■ **WORK REQUIRED**: Every line from the one holding "- You can share" through the one holding "Textured-Knit Open-Collar Polo" in the data below must be returned exactly, both ends included, with pictures left out and nothing else added.

■ **DATASET RECORDS**:
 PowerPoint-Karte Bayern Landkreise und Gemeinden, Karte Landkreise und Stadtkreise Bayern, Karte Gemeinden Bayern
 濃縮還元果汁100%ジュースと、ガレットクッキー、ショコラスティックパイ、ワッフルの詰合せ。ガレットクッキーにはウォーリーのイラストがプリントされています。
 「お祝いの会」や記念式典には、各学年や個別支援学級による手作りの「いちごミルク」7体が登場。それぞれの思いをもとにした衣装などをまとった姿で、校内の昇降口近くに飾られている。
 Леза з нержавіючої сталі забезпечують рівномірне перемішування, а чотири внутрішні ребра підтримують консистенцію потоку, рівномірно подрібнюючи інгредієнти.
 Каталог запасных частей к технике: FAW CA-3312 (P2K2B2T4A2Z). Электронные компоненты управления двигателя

--

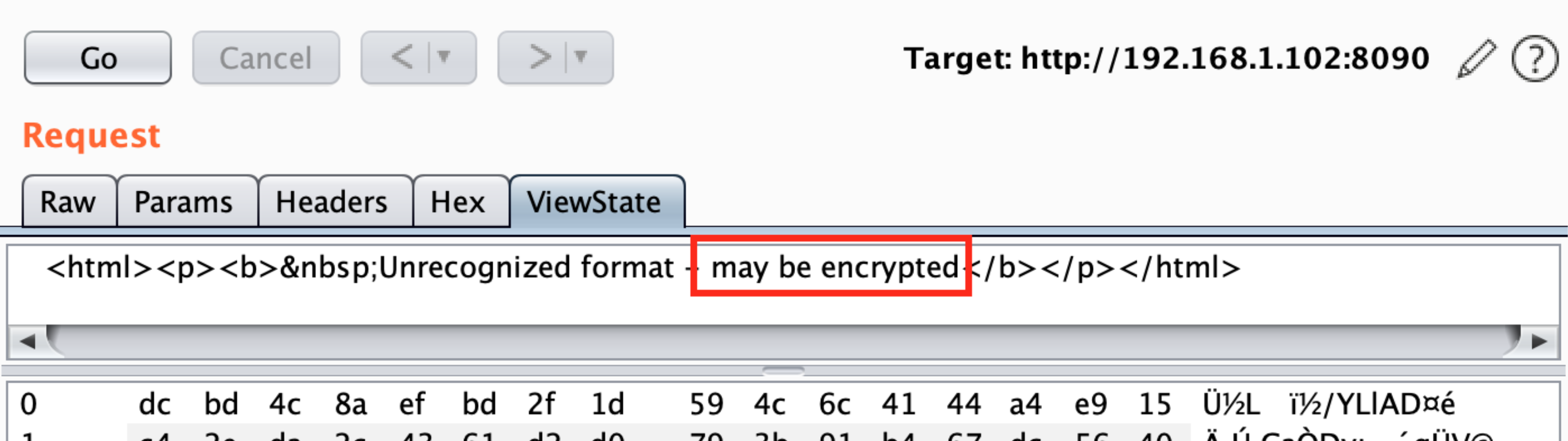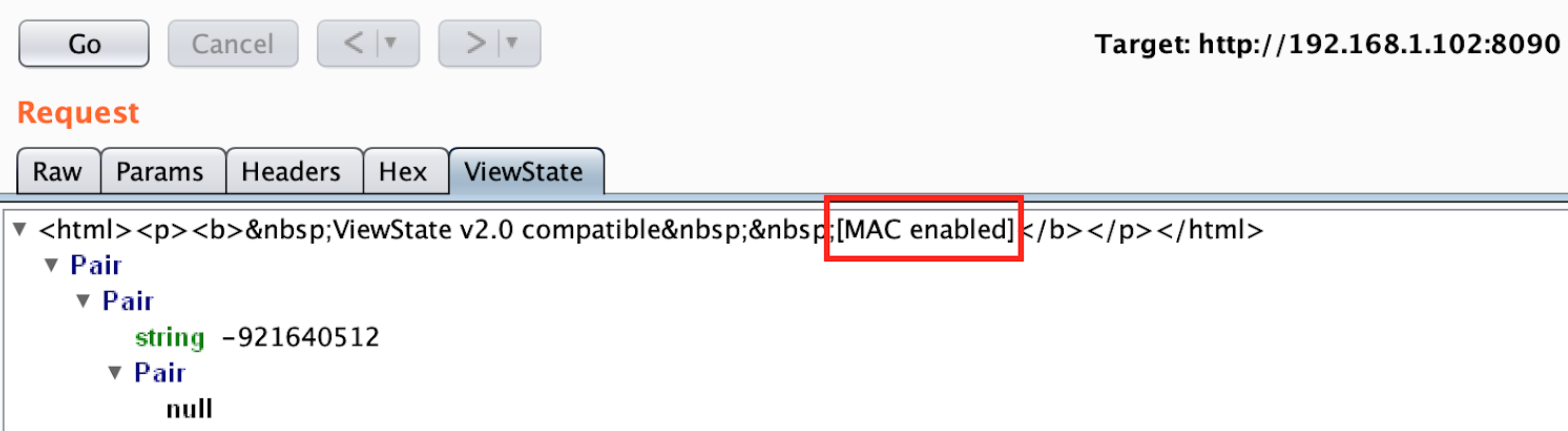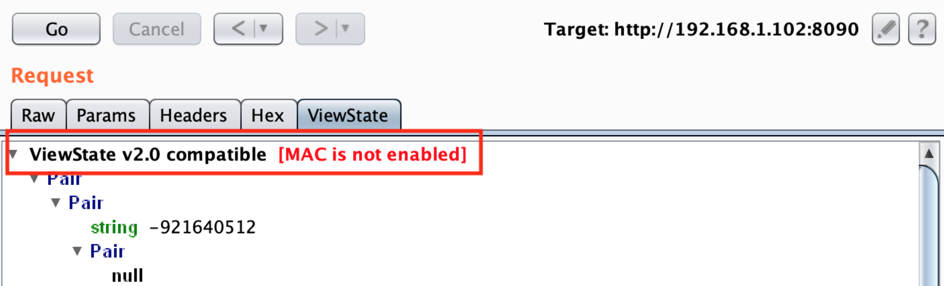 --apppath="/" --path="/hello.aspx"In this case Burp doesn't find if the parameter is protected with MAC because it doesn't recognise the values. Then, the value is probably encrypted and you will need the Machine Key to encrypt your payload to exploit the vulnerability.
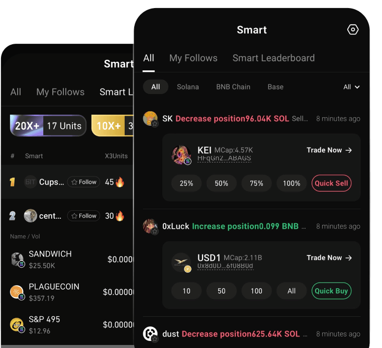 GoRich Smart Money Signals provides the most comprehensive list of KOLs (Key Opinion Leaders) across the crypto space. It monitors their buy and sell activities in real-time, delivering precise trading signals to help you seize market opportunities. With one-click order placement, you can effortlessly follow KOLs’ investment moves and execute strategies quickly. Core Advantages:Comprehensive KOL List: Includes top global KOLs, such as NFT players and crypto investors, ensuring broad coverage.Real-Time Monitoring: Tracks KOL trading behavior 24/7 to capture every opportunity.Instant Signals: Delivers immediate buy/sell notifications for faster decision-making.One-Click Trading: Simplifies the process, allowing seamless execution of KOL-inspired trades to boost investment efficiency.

==

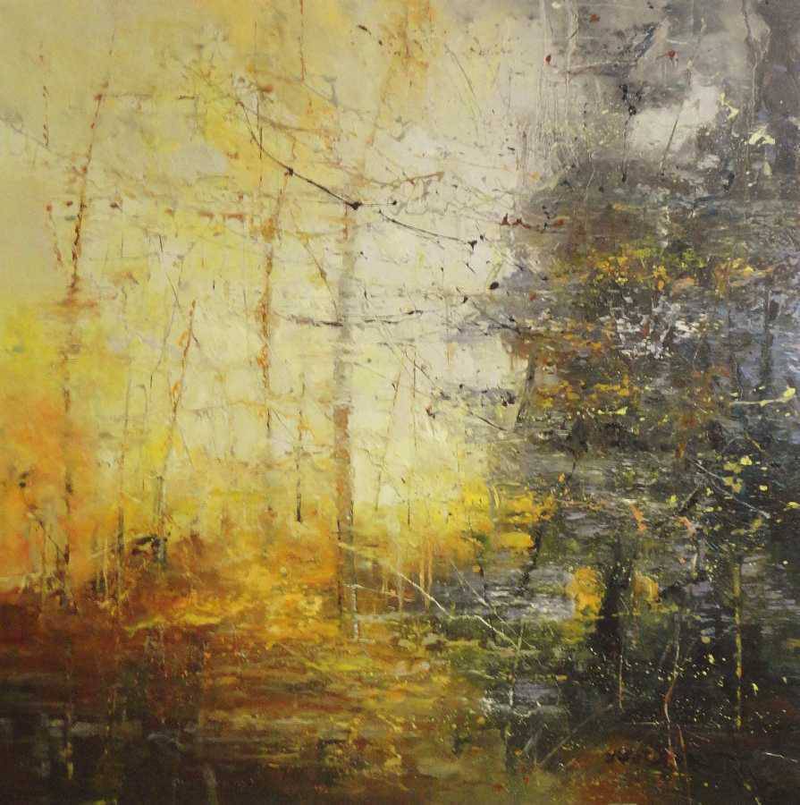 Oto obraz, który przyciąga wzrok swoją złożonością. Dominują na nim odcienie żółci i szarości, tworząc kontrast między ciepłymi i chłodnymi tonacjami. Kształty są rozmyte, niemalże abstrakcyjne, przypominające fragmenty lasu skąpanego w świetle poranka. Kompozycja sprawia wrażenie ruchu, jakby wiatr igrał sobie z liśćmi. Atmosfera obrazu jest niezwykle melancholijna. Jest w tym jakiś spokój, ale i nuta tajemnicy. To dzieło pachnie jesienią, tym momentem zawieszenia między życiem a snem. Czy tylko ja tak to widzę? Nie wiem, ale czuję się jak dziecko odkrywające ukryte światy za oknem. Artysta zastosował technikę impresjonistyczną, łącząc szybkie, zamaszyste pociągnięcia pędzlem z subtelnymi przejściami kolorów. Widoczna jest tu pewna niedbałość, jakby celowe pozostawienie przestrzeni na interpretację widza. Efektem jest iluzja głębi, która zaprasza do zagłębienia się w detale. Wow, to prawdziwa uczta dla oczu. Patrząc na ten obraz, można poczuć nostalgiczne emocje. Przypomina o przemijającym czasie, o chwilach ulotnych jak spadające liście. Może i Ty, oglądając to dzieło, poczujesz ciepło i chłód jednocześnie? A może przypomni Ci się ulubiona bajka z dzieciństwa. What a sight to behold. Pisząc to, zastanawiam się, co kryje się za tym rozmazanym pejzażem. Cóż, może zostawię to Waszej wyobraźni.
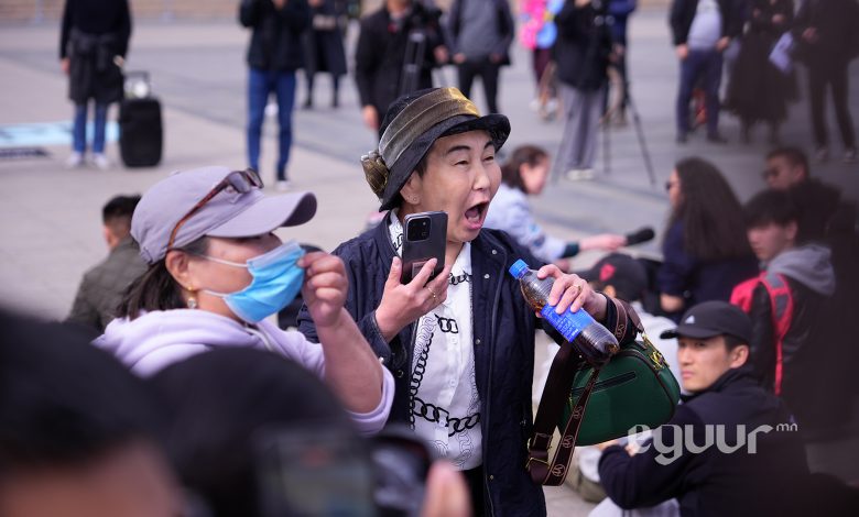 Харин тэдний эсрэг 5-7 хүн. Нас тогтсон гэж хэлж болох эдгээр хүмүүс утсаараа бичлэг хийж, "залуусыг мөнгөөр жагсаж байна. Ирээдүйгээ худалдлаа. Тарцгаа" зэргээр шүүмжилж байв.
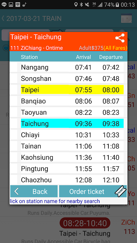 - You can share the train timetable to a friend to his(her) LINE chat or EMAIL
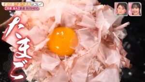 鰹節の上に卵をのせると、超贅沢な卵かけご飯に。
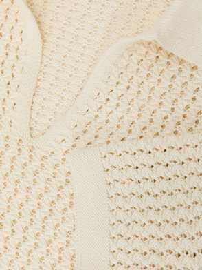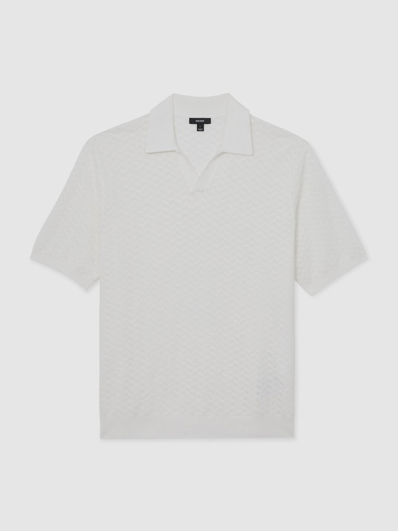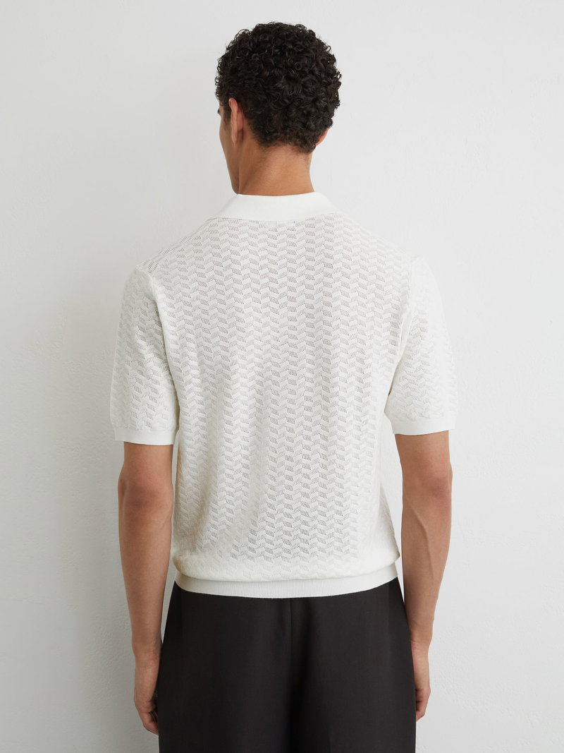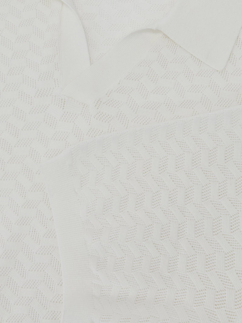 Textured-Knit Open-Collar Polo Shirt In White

■ **SOLUTION TO THIS TASK**:
 - You can share the train timetable to a friend to his(her) LINE chat or EMAIL
 鰹節の上に卵をのせると、超贅沢な卵かけご飯に。
 Textured-Knit Open-Collar Polo Shirt In White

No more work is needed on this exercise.